# EXERCISE OBJECTIVE
All of the listing, from first line to last, should be output exactly; the pictures stay out.

───── AVAILABLE DATA ─────

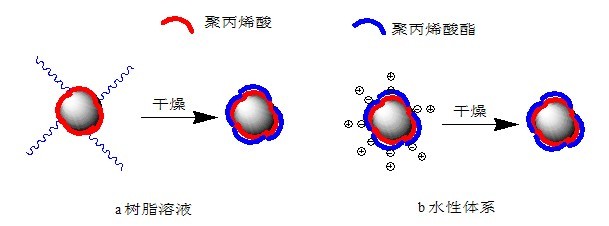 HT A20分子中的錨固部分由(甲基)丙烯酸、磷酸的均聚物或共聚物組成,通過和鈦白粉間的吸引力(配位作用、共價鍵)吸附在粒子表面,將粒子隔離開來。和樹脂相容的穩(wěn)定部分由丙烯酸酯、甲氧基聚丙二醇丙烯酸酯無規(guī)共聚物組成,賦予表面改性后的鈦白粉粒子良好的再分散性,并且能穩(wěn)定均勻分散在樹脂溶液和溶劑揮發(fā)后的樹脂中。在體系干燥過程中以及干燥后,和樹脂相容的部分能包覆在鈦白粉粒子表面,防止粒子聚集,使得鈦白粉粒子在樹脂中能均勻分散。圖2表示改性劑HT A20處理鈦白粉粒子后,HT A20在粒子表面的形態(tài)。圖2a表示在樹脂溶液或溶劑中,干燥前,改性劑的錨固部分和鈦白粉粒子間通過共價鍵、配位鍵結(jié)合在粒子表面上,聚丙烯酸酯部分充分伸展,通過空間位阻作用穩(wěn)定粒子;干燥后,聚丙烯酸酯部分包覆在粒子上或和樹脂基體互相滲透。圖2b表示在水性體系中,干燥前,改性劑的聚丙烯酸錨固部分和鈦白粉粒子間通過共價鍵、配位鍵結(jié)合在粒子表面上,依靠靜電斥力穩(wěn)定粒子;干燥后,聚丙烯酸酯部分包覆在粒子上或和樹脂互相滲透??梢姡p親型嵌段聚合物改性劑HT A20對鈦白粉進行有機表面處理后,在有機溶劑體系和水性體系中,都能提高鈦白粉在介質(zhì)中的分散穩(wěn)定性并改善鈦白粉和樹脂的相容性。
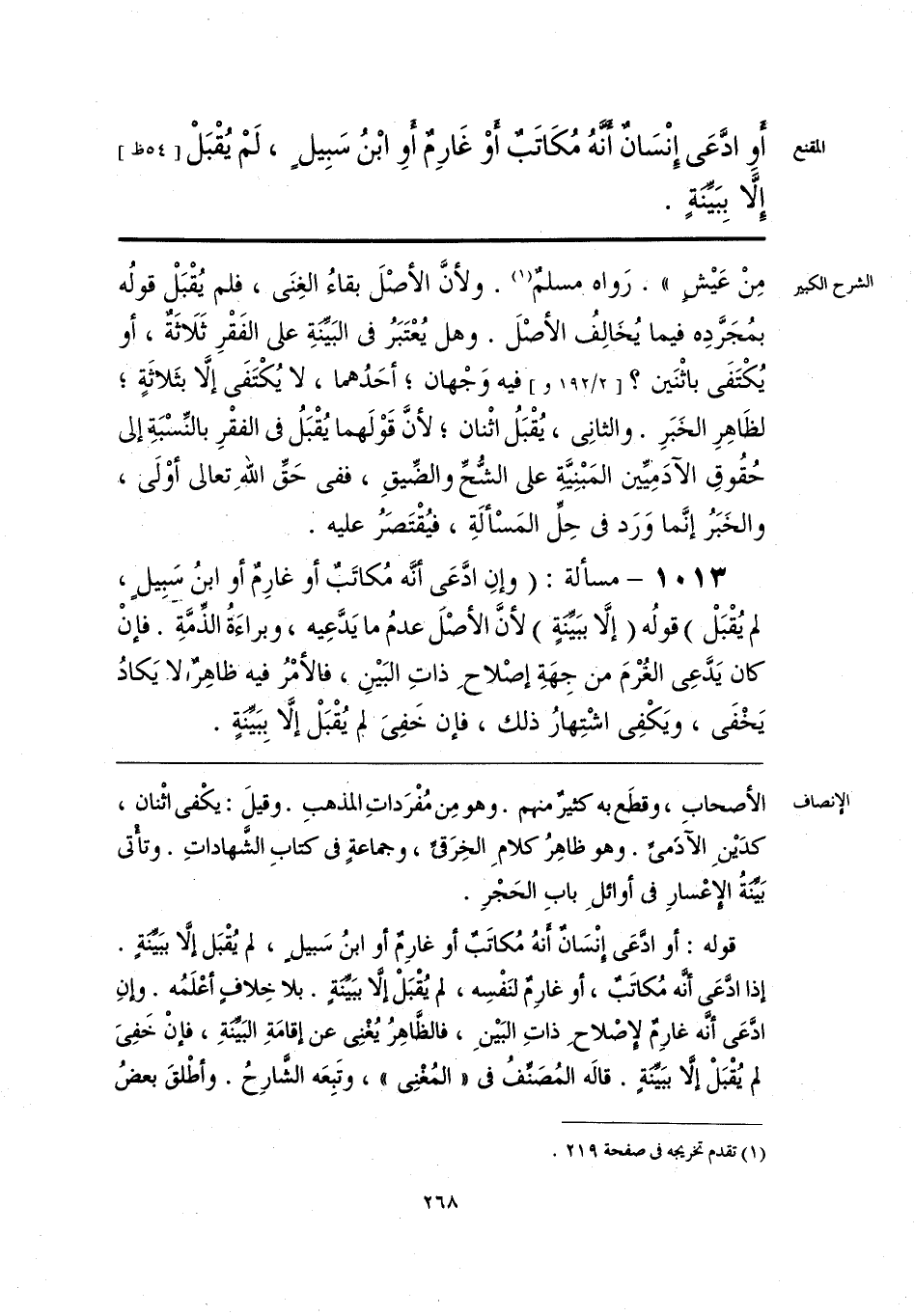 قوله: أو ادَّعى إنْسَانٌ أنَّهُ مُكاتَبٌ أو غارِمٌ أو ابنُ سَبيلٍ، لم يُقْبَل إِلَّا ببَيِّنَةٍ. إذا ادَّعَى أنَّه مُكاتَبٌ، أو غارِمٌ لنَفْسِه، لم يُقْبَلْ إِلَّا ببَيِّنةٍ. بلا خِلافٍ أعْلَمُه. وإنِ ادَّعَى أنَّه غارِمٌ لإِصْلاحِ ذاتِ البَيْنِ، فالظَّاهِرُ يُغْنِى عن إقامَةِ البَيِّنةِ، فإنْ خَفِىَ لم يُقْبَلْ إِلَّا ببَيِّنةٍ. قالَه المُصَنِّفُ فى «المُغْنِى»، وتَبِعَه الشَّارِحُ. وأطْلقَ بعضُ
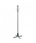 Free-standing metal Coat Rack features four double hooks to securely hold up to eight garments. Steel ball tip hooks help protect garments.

─────

# RESPONSE TO THIS EXERCISE
 HT A20分子中的錨固部分由(甲基)丙烯酸、磷酸的均聚物或共聚物組成,通過和鈦白粉間的吸引力(配位作用、共價鍵)吸附在粒子表面,將粒子隔離開來。和樹脂相容的穩(wěn)定部分由丙烯酸酯、甲氧基聚丙二醇丙烯酸酯無規(guī)共聚物組成,賦予表面改性后的鈦白粉粒子良好的再分散性,并且能穩(wěn)定均勻分散在樹脂溶液和溶劑揮發(fā)后的樹脂中。在體系干燥過程中以及干燥后,和樹脂相容的部分能包覆在鈦白粉粒子表面,防止粒子聚集,使得鈦白粉粒子在樹脂中能均勻分散。圖2表示改性劑HT A20處理鈦白粉粒子后,HT A20在粒子表面的形態(tài)。圖2a表示在樹脂溶液或溶劑中,干燥前,改性劑的錨固部分和鈦白粉粒子間通過共價鍵、配位鍵結(jié)合在粒子表面上,聚丙烯酸酯部分充分伸展,通過空間位阻作用穩(wěn)定粒子;干燥后,聚丙烯酸酯部分包覆在粒子上或和樹脂基體互相滲透。圖2b表示在水性體系中,干燥前,改性劑的聚丙烯酸錨固部分和鈦白粉粒子間通過共價鍵、配位鍵結(jié)合在粒子表面上,依靠靜電斥力穩(wěn)定粒子;干燥后,聚丙烯酸酯部分包覆在粒子上或和樹脂互相滲透??梢姡p親型嵌段聚合物改性劑HT A20對鈦白粉進行有機表面處理后,在有機溶劑體系和水性體系中,都能提高鈦白粉在介質(zhì)中的分散穩(wěn)定性并改善鈦白粉和樹脂的相容性。
 قوله: أو ادَّعى إنْسَانٌ أنَّهُ مُكاتَبٌ أو غارِمٌ أو ابنُ سَبيلٍ، لم يُقْبَل إِلَّا ببَيِّنَةٍ. إذا ادَّعَى أنَّه مُكاتَبٌ، أو غارِمٌ لنَفْسِه، لم يُقْبَلْ إِلَّا ببَيِّنةٍ. بلا خِلافٍ أعْلَمُه. وإنِ ادَّعَى أنَّه غارِمٌ لإِصْلاحِ ذاتِ البَيْنِ، فالظَّاهِرُ يُغْنِى عن إقامَةِ البَيِّنةِ، فإنْ خَفِىَ لم يُقْبَلْ إِلَّا ببَيِّنةٍ. قالَه المُصَنِّفُ فى «المُغْنِى»، وتَبِعَه الشَّارِحُ. وأطْلقَ بعضُ
 Free-standing metal Coat Rack features four double hooks to securely hold up to eight garments. Steel ball tip hooks help protect garments.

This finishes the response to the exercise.